Скрипя ржавыми спицами на покривившихся ободах, ехала домой и Глафира Егоровна. Покойно сложив руки, она по-птичьи выглядывала из своего платка и раздавала направо и налево наставления. “А чего? А ты не стыдись благовествования! Не надо этого. Вы мне лучше вот что скажите-ка, а где он, мудрец? Где книжник? Где совопросник, так сказать, века сего, а? То-то же! Нету. А почему? А потому, – и Глафира Егоровна приподнимала указательный палец, – что когда мир своею мудростью не познал Бога, то благоугодно было Богу юродством проповеди спасти верующих. Вона! Ну так а что же! Ведь и иудеи требуют чудес, и эллины ищут мудрости. И молодцы эллины с иудеями. И пусть ищут”. Племянник, держа коляску за поручни, кивал Глафире Егоровне, тяжело вздыхал и считал ее про себя святой.
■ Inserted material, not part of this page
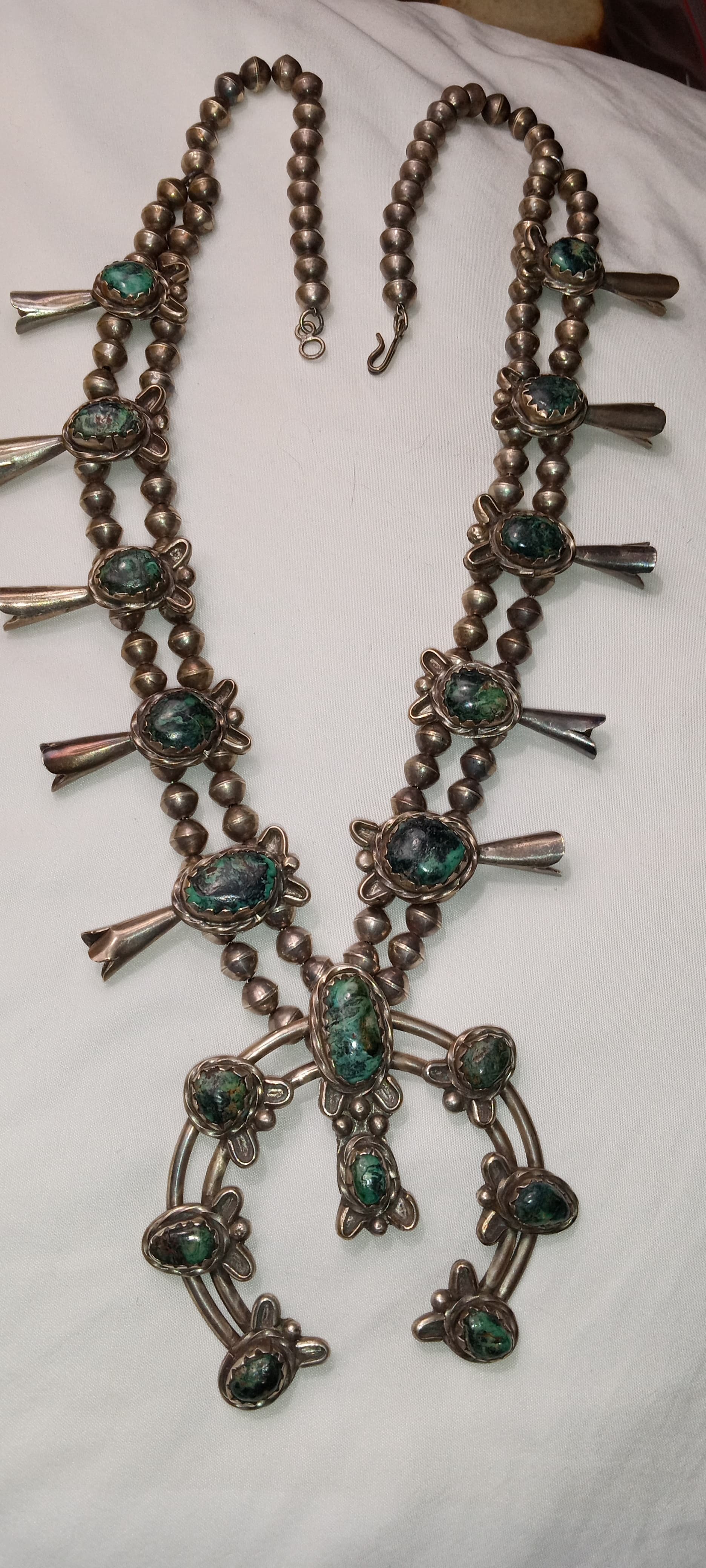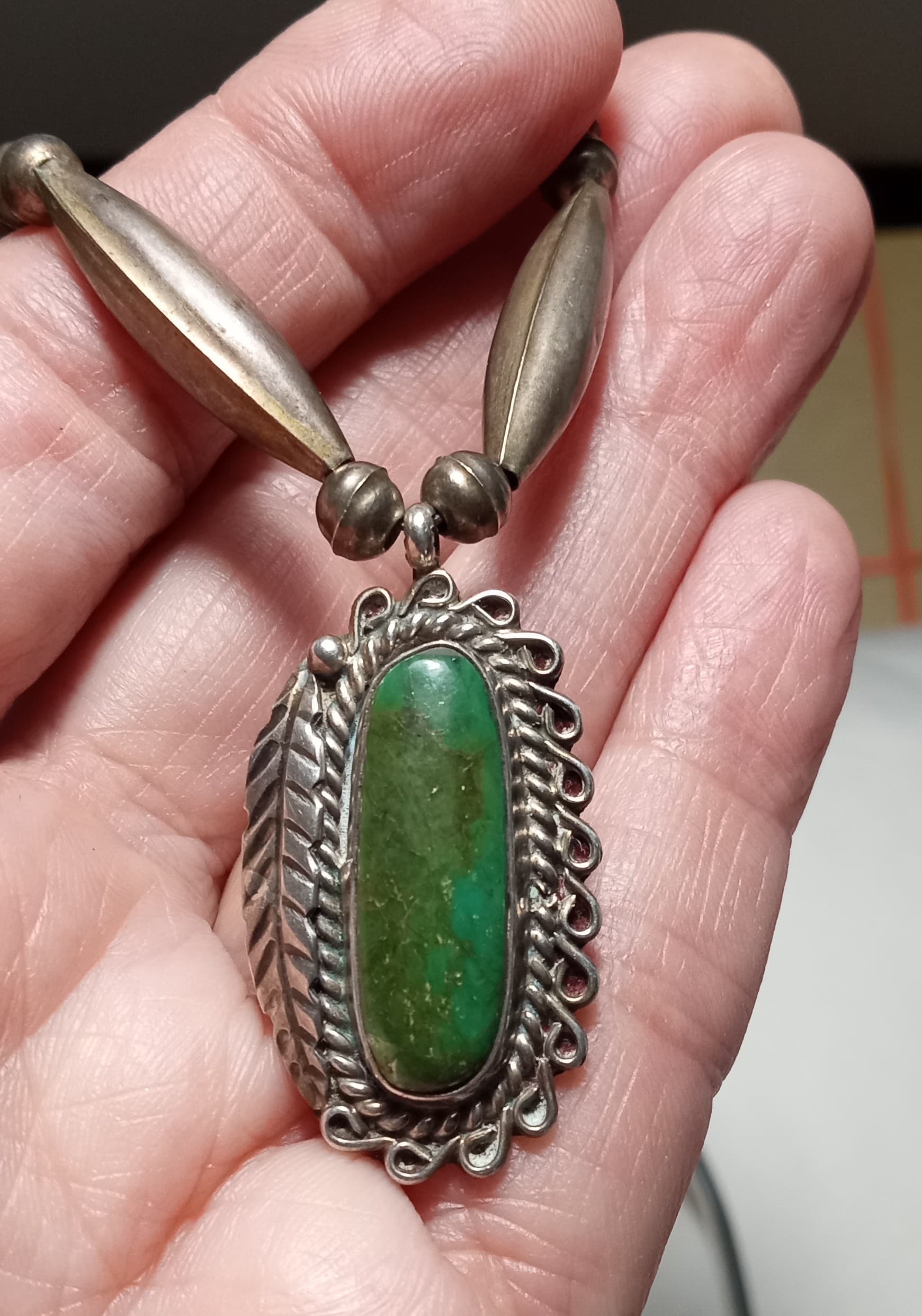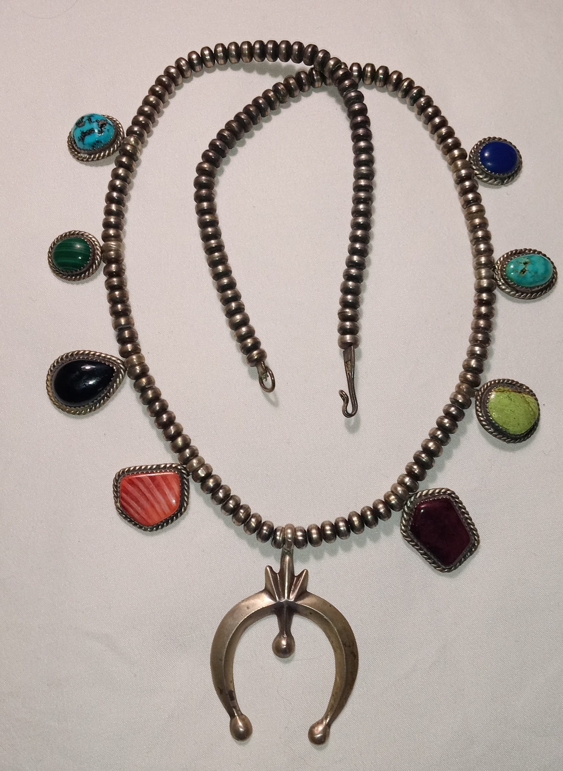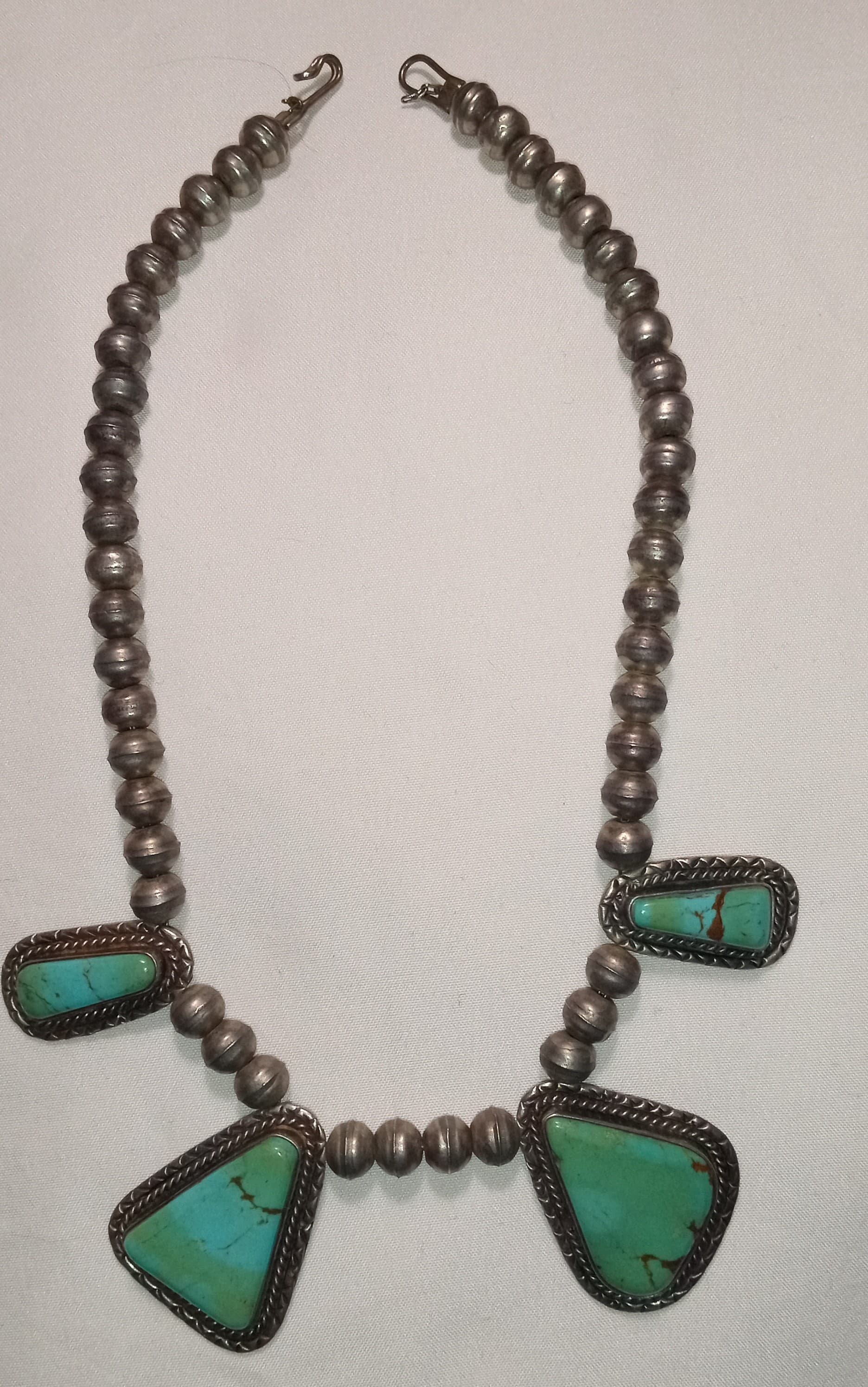 @Stracci That’s a nice gift to receive. A part of me wants to say that the silver beads are handmade. Stamped .925/sterling? I’m not convinced it’s turquoise, either, but have not even a guess as to what the stones could be.

Так шли мои дни. Я проводил их в играх, прогулках, упражнениях и занятиях. Я и сестры быстро росли, крепли. Как говорится, набирались сноровки и опыта. В детстве время равно самому себе. Оно приходится тебе в самую пору. Не спешит, не торопится. Не подгоняет, не тормозит. А потом с ним что-то происходит. Ему словно срывает резьбу. Или так: оно становится похоже на ту дурацкую шлейку, которая то ужасно жмет в шее и груди, а то наоборот – болтается слишком свободно, соблазняя к побегу. И я боялся будущего. Я боялся, что время испортится. Я не ждал от него ничего хорошего. Я много думал об этом, но мысли мои были бесплодны. Неопределенными были мои мысли. Каждый день зачаровывал меня своей невозвратимостью. Я оплакивал каждое сегодня, которое еще даже не успевало превратиться во вчера. Меня восхищало, поражало и пугало это таинственное правило, непреложный закон: уходить навсегда, в никуда. Исчезать, оседать в твоей памяти, как драгоценный песок в сите золотоискателя. Я шел лапами вперед, с головой, повернутой назад.
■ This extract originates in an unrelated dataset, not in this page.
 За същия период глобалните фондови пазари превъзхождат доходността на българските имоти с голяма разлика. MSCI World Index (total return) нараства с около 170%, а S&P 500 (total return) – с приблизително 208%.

Часто по ночам я выбирался из нашей коробки и бродил по задворкам особняка среди бересклета и лабазника, среди лапки домовой и шиповника обыкновенного. Я вдыхал в себя аромат сада, вслушивался в кантаты сверчков, в их стройное беспрерывное пение. Я не видел в их труде ни смысла, ни цели, кроме той, какую, пожалуй, может преследовать любая музыка: подражать какому-то безвестному, невидимому, но все же существующему порядку. Голоса звучали так согласно, подхватывали друг друга так незаметно, что казалось – кто-то из них, тот, кто самый главный, самый почтенный, самый заслуженный сверчок, в черном бархатном фраке с полинявшими закрылками на спине, дирижирует ими, руководит. Но никто не руководил, никто не дирижировал. Мне чудилось присутствие неродившегося брата, слышалось сонное бормотание художника Белаквина и мягкие шаги Момуса…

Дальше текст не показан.